— AIM OF THE TASK —
Output the records exactly, and drop each picture.

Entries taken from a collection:
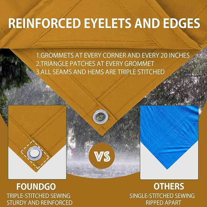 - 【Unmatched Material Upgradation】FoundGo canvas tarp, which is 22Mil thick and made of 14oz heavy-duty canvas, is a reliable asset. It offers a certain degree of water resistance, being sufficient to handle mild morning dew without getting soaked through. The fabric is breathable and enhanced by an organic fluorine silicone coating. This tarp is perfect for creating a comfortable and protected space and maintaining its integrity and appearance throughout multiple outings.
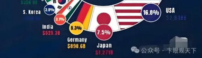 美國(guó)以2.4萬億美元位列第二,筆中國(guó)少一倍多,占全球制造業(yè)的約10%;
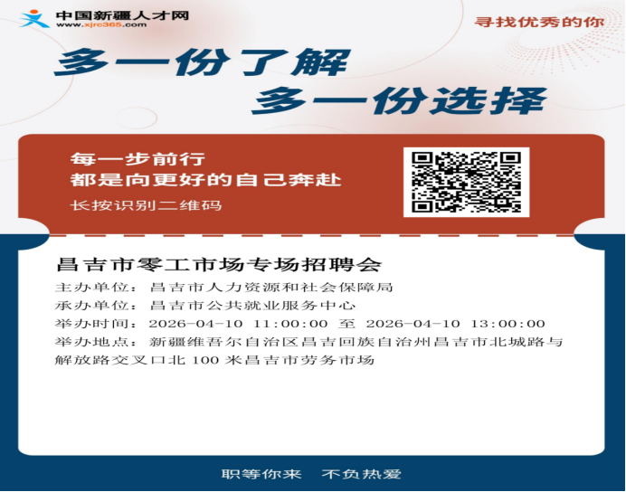 为深入贯彻稳就业、保民生决策部署,精准搭建灵活用工供需对接平台,满足企业阶段性、临时性用工需求,助力零工群体、灵活就业人员、外来务工者实现就近就业,昌吉市公共就业服务中心现决定举办昌吉市零工市场专场招聘会,诚邀各有用工需求的企业、个体工商户及有求职意愿的各类人员踊跃参与。 01活动时间 2026年4月10日(星期五)上午11:00-13:00 02活动地点 昌吉市北门劳务市场 昌吉市劳务市场 新疆维吾尔自治区昌吉回族自治州昌吉市宁边路街道解放路北门幼儿园(中山西路)北侧约60米 03活动主题 零工聚昌吉·就业暖民心——2026年昌吉市四月零工市场专场招聘会 04组织单位 主办单位: 昌吉市人力资源和社会保障局 承办单位: 昌吉市公共就业服务中心 05服务对象 (一)有就业创业意愿的农村劳动者,包括拟外出务工和就近就业创业的农村劳动力,外来务工人员,农村低收入人口等重点帮扶对象。 (二)符合认定条件的就业困难人员,包括失业1年以上、大龄、最低生活保障家庭、身有残疾登记失业人员,最低生活保障家庭、零就业家庭以及其他就业困难人员。 (三)有灵活就业需求的各类未就业人员。 06报名方式 一、手机端报名:用工企业长按下面二维码进行扫码报名,求职者长按下面二维码扫码预约报名并于当天按时参加招聘会。
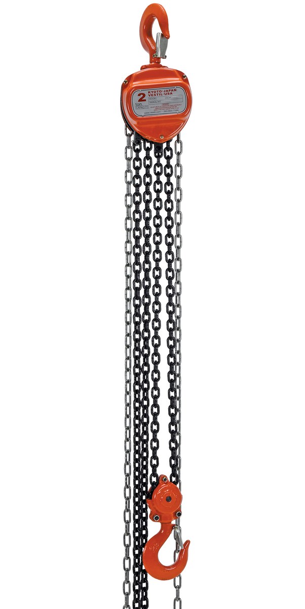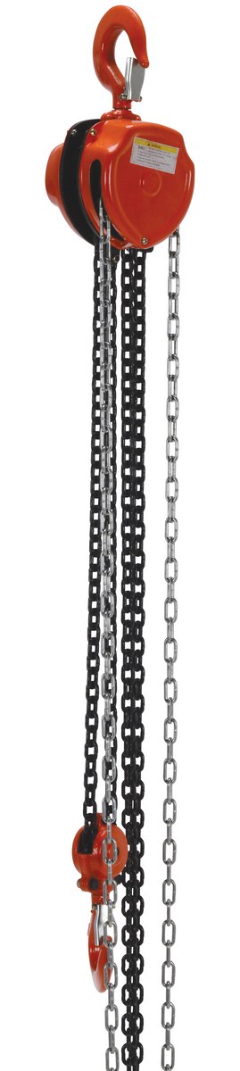 Steel Manual Chain Hoist 10 Ft. Lift 4,000 Lb. Capacity OrangeThis portable, lightweight hand Chain Hoist is durable and easy to operate. Compact design and low headroom allow installation in confined areas. Enclosed double ratchet pawls with self adjusting disc brake standard. Designed with a safety factory four (4) times rated capacity. Individually tested at 150% rated capacity. Features black chain tempered to ISO 3077, pull chain, hardened two-stage gears and forged steel upper and lower hooks with safety latches. Constructed of high quality steel components ideal for industrial applications.
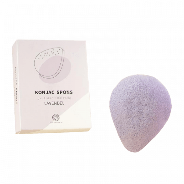 ShampooBars Eponge Konjac Peau Mixte Lavande est le choix idéal pour ceux qui ont une peau mixte (front gras et joues sèches). Cette éponge nettoyante violette élimine les cellules mortes de la peau, absorbe le sébum et la saleté et nettoie les pores en douceur. Grâce à l'ajout de lavande, l'éponge a en plus un effet apaisant et calmant.
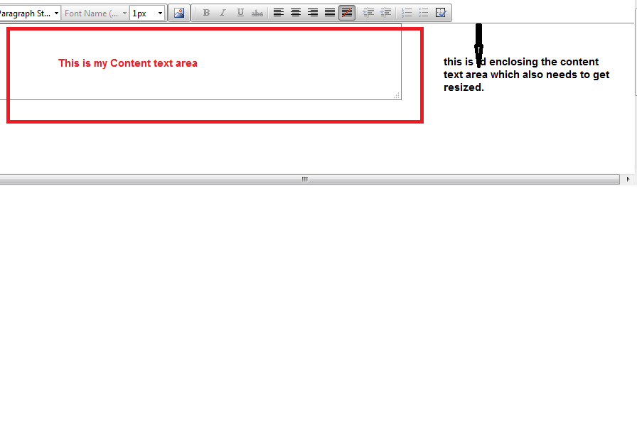 how to resize the content area (both iframe, div) and its parent element. kindly support on js files .
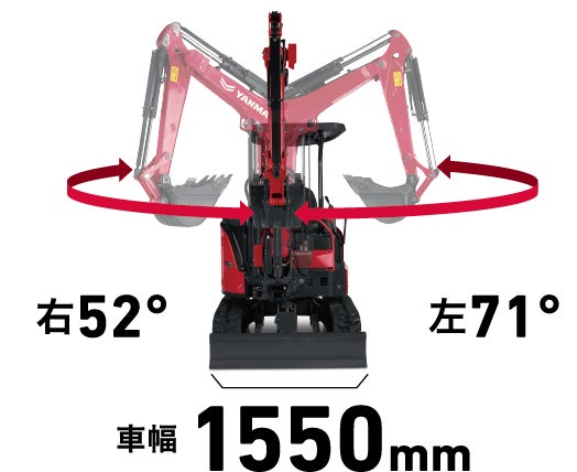 ・車幅1,550mm、最小フロント旋回半径1,630mmのコンパクト設計に、ブームスイング角度の改善も加えることで、狭小な現場でも掘削、旋回、積み込み作業が可能。
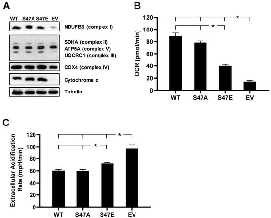 3.2. S47E Cytc Expression Results in Lower Mitochondrial Respiration and Higher Glycolysis Rates
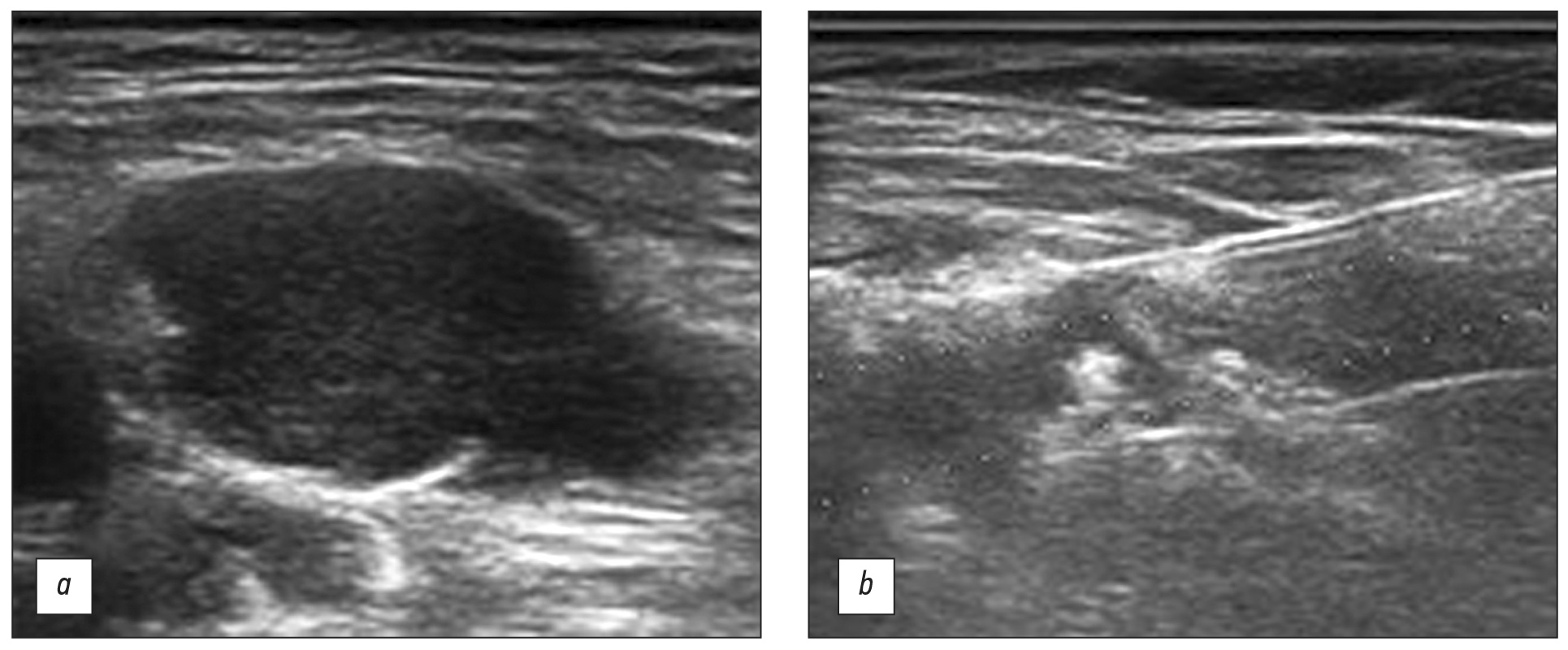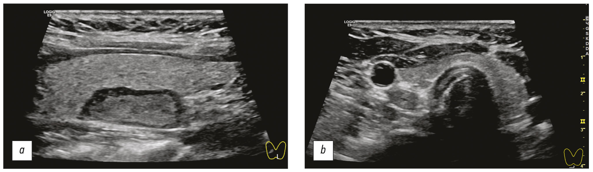 图 2甲状旁腺功能亢进的甲状旁腺功能亢进的超声成像:a - 原发性甲状旁腺功能亢进; b - 继发性甲状旁腺功能亢进。
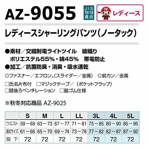他の画像を見る アイトス AZ-9055 レディースシャーリングパンツ ノータック AITOZ 作業服 作業着 ボトムス パンツ ズボン レディース 女性用 春夏 帯電防止 抗菌防臭 消臭 速乾 特別価格 ¥ 4,310 税込 〜 特別価格 ¥ 税込 部屋干しできるレディースワークウェア、オンリーアイトス時乾短縮。帯電防止T8118適合商品。 詳細を見る お気に入りに登録する
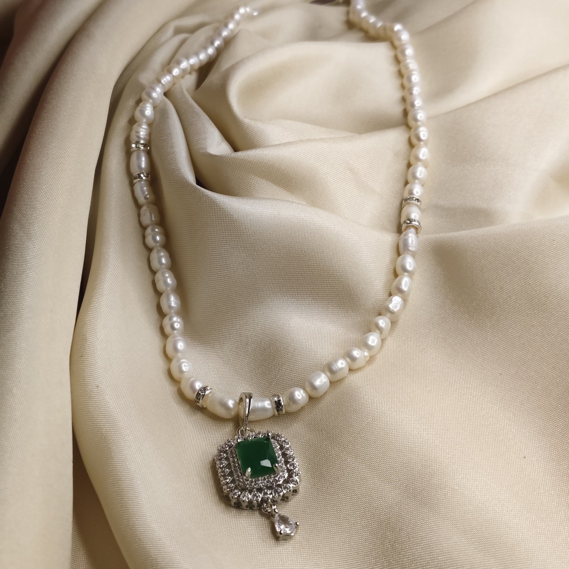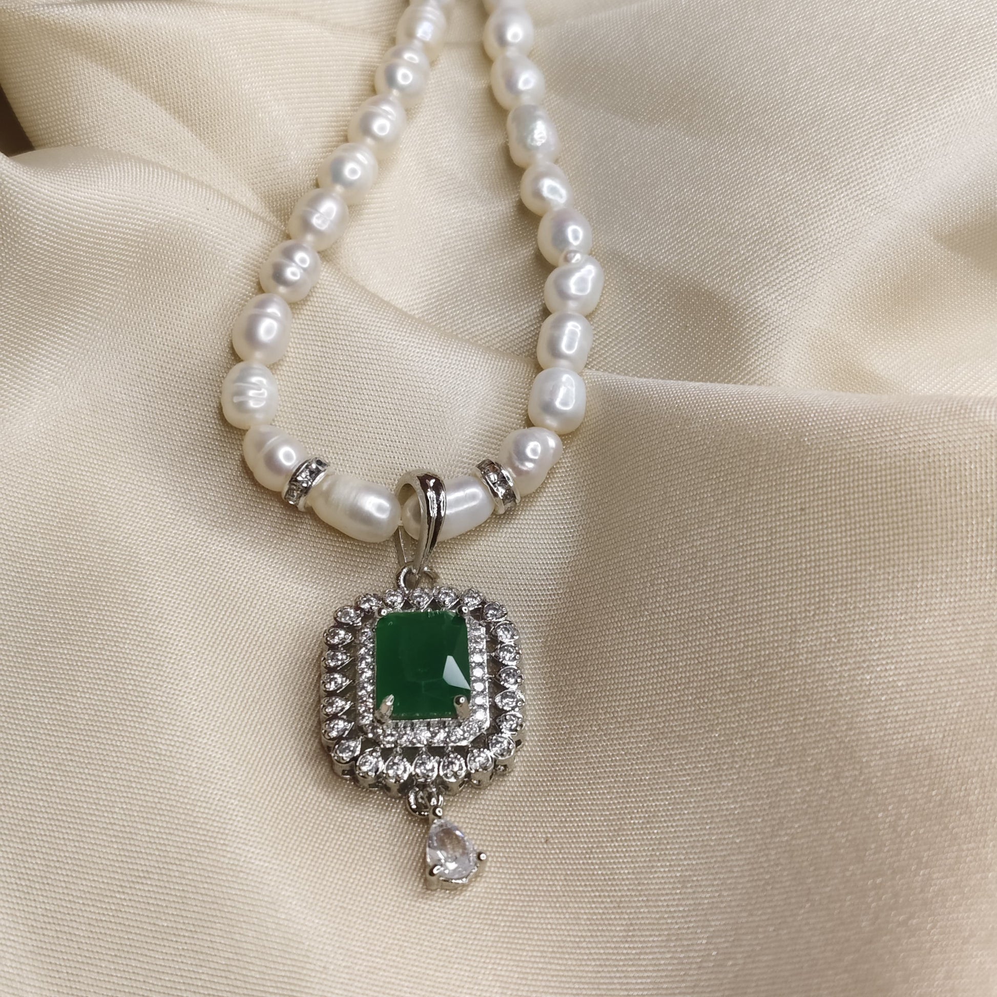 - Pendant: Emerald-green stone centerpiece surrounded by sparkling CZ stones, with a delicate teardrop accent
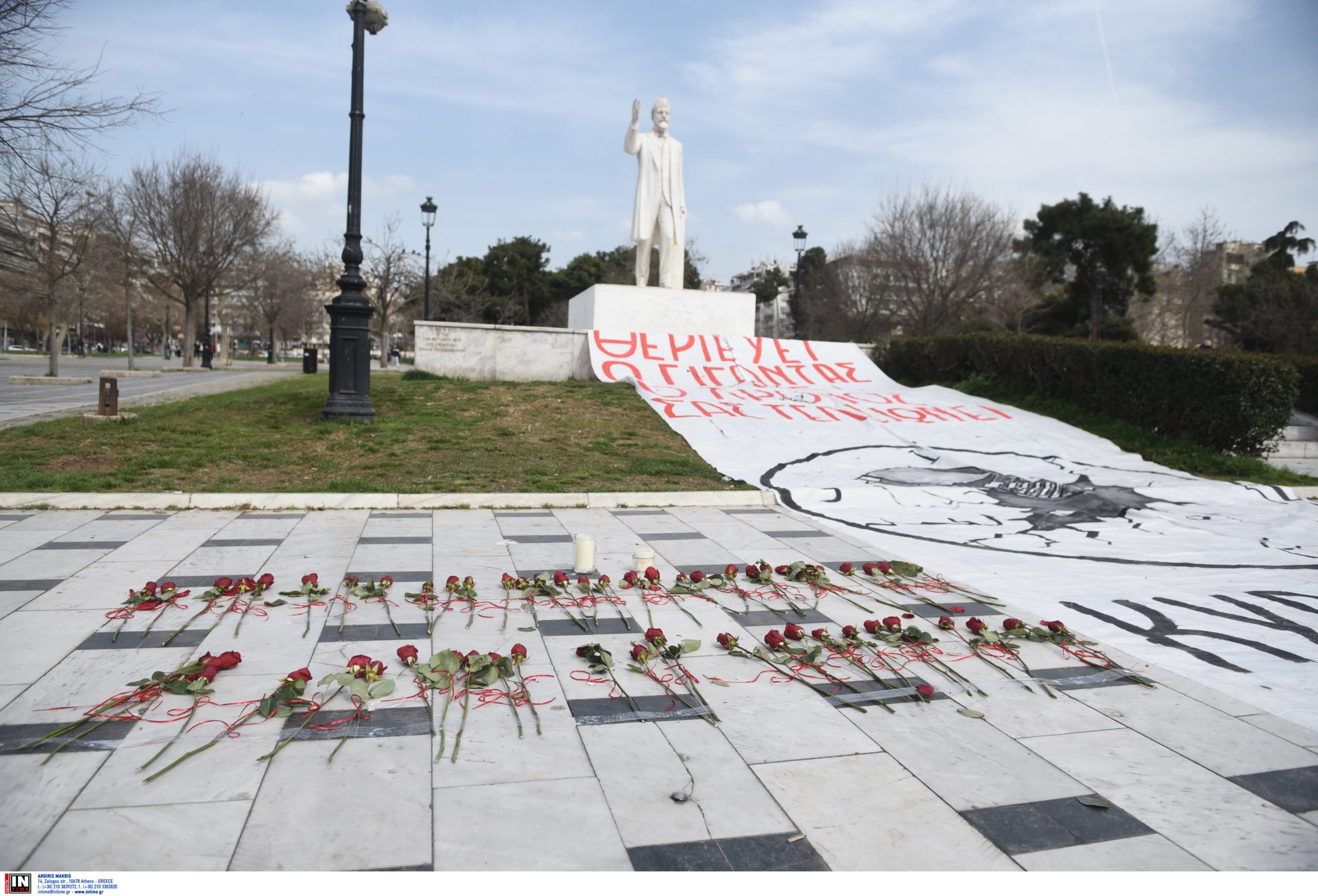 Όπως μεταδίδει το thesstoday.gr, οι φοιτητές άφησαν 57 κόκκινα τριαντάφυλλα και κεριά μπροστά από το άγαλμα Βενιζέλου, στη μνήμη των θυμάτων.

— WRITTEN SOLUTION —
 - 【Unmatched Material Upgradation】FoundGo canvas tarp, which is 22Mil thick and made of 14oz heavy-duty canvas, is a reliable asset. It offers a certain degree of water resistance, being sufficient to handle mild morning dew without getting soaked through. The fabric is breathable and enhanced by an organic fluorine silicone coating. This tarp is perfect for creating a comfortable and protected space and maintaining its integrity and appearance throughout multiple outings.
 美國(guó)以2.4萬億美元位列第二,筆中國(guó)少一倍多,占全球制造業(yè)的約10%;
 为深入贯彻稳就业、保民生决策部署,精准搭建灵活用工供需对接平台,满足企业阶段性、临时性用工需求,助力零工群体、灵活就业人员、外来务工者实现就近就业,昌吉市公共就业服务中心现决定举办昌吉市零工市场专场招聘会,诚邀各有用工需求的企业、个体工商户及有求职意愿的各类人员踊跃参与。 01活动时间 2026年4月10日(星期五)上午11:00-13:00 02活动地点 昌吉市北门劳务市场 昌吉市劳务市场 新疆维吾尔自治区昌吉回族自治州昌吉市宁边路街道解放路北门幼儿园(中山西路)北侧约60米 03活动主题 零工聚昌吉·就业暖民心——2026年昌吉市四月零工市场专场招聘会 04组织单位 主办单位: 昌吉市人力资源和社会保障局 承办单位: 昌吉市公共就业服务中心 05服务对象 (一)有就业创业意愿的农村劳动者,包括拟外出务工和就近就业创业的农村劳动力,外来务工人员,农村低收入人口等重点帮扶对象。 (二)符合认定条件的就业困难人员,包括失业1年以上、大龄、最低生活保障家庭、身有残疾登记失业人员,最低生活保障家庭、零就业家庭以及其他就业困难人员。 (三)有灵活就业需求的各类未就业人员。 06报名方式 一、手机端报名:用工企业长按下面二维码进行扫码报名,求职者长按下面二维码扫码预约报名并于当天按时参加招聘会。
 Steel Manual Chain Hoist 10 Ft. Lift 4,000 Lb. Capacity OrangeThis portable, lightweight hand Chain Hoist is durable and easy to operate. Compact design and low headroom allow installation in confined areas. Enclosed double ratchet pawls with self adjusting disc brake standard. Designed with a safety factory four (4) times rated capacity. Individually tested at 150% rated capacity. Features black chain tempered to ISO 3077, pull chain, hardened two-stage gears and forged steel upper and lower hooks with safety latches. Constructed of high quality steel components ideal for industrial applications.
 ShampooBars Eponge Konjac Peau Mixte Lavande est le choix idéal pour ceux qui ont une peau mixte (front gras et joues sèches). Cette éponge nettoyante violette élimine les cellules mortes de la peau, absorbe le sébum et la saleté et nettoie les pores en douceur. Grâce à l'ajout de lavande, l'éponge a en plus un effet apaisant et calmant.
 how to resize the content area (both iframe, div) and its parent element. kindly support on js files .
 ・車幅1,550mm、最小フロント旋回半径1,630mmのコンパクト設計に、ブームスイング角度の改善も加えることで、狭小な現場でも掘削、旋回、積み込み作業が可能。
 3.2. S47E Cytc Expression Results in Lower Mitochondrial Respiration and Higher Glycolysis Rates
 图 2甲状旁腺功能亢进的甲状旁腺功能亢进的超声成像:a - 原发性甲状旁腺功能亢进; b - 继发性甲状旁腺功能亢进。
他の画像を見る アイトス AZ-9055 レディースシャーリングパンツ ノータック AITOZ 作業服 作業着 ボトムス パンツ ズボン レディース 女性用 春夏 帯電防止 抗菌防臭 消臭 速乾 特別価格 ¥ 4,310 税込 〜 特別価格 ¥ 税込 部屋干しできるレディースワークウェア、オンリーアイトス時乾短縮。帯電防止T8118適合商品。 詳細を見る お気に入りに登録する
 - Pendant: Emerald-green stone centerpiece surrounded by sparkling CZ stones, with a delicate teardrop accent
 Όπως μεταδίδει το thesstoday.gr, οι φοιτητές άφησαν 57 κόκκινα τριαντάφυλλα και κεριά μπροστά από το άγαλμα Βενιζέλου, στη μνήμη των θυμάτων.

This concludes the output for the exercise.